Hi... Yes, it could be a hernia, or it could be something else, as well.
Have you had any surgeries that might have left scars near/at the navel? If so, it's possible there could be an incisional, also known as ventral, hernia. You could also have a lipoma, a benign fatty tumor, which is quite common. Rarely, one might get a cancerous tumor, called a Liposarcoma.

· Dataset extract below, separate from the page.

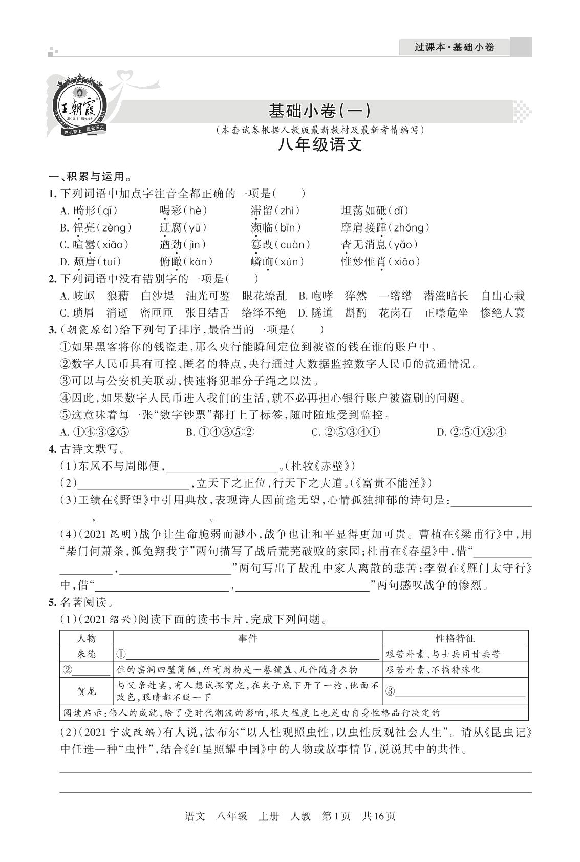 王朝霞期末过课本——基础小卷(一)八年级上册语文(人教版)【7】
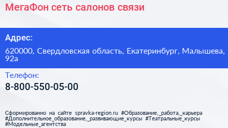 МегаФон, сеть салонов связи по адресу 620000, Свердловская область, Екатеринбург, Малышева, 92а в дальнейшем Организация, размещена в следующих категориях:

Yes, these can "usually" be diagnosed via ultrasound or CT scan... the reason I say usually is because I just had a Lipoma that was misdiagnosed as a hernia. It showed up as a bulge right beside my navel. An ultrasound failed to indicate what it was, so a CT scan was recommended. Even that was "hazy" since the bulge didn't correlate with either a hernia or a Lipoma; it only indicated that the bulge was not a solid mass so most likely not cancer. I was sent to a surgeon who determined (don't ask me how because imaging certainly didn't back him up) that it had to be a hernia. Because I was having pain, he recommended that it (hernia) be repaired, so surgery was scheduled.
It turned out to be a large Lipoma instead of a hernia. The surgeon said the pain was probably caused by the Lipoma putting pressure on a nerve.
I recommend that you ask for imaging to find out what you have and get appropriate treatment if needed. If yours is totally inside so you can't feel anything on the outside, an ultrasound probably won't pick it up. A CT scan, with contrast should tell them what it is.
They often don't do anything for a hernia if there's no pain or other symptoms. The same goes for a Lipoma - if it's not causing pain or other issues, there's a chance they won't do anything, but you know there's something there and you need to know what it is.
I hope this helps.
Encountering extrinsic compression of stomach during endoscopy is common, and can be due to various causes, including normal variations in the shape/lobulations of adjacent organs (such as pancreas or liver), collections (such as pseudocysts), lymph nodes, or tumors.
It is unlikely that hernia is the cause of your specific situation. Ventral hernias can be in abdominal wall, but these typically bulge outward, not into your abdomen. Hiatal hernias slide from your abdomen up into your chest. There is such a thing as internal hernia, but this is a rare diagnosis, more often seen in patients with pri0r surgery such as gastric bypass surgery.
Pondering all these possibilities is more of an academic exercise. The more definitive way to answer your question is CT or MRI abdomen. US, while good in theory (less expensive, no radiation), often results in poor visualization of portions of the pancreas and limited sensitivity for lymph nodes, and you may end up having to get a CT or MRI anyway.
It depends on what you will do with the ultrasound result. If the ultrasound comes back negative (i.e., no explainable cause), will you stop there? If you will stop there, then it is fine. If you are still going to get the MRI anyway no matter what, then there is really no point in getting the ultrasound since you are just wasting your time and money.
Sometimes it might be up to insurance company too. Perhaps your doctor has attempted to go straight to MRI in the past, and could not get authorization from the insurance company. So the only way is to get the US first.
Either MRI or CT can answer the question in your case. The CT is slightly better for evaluating the bowel, while the MRI is slightly better for evaluating the pancreas. If you cannot lie still or have claustrophobia, then CT is preferred over MRI.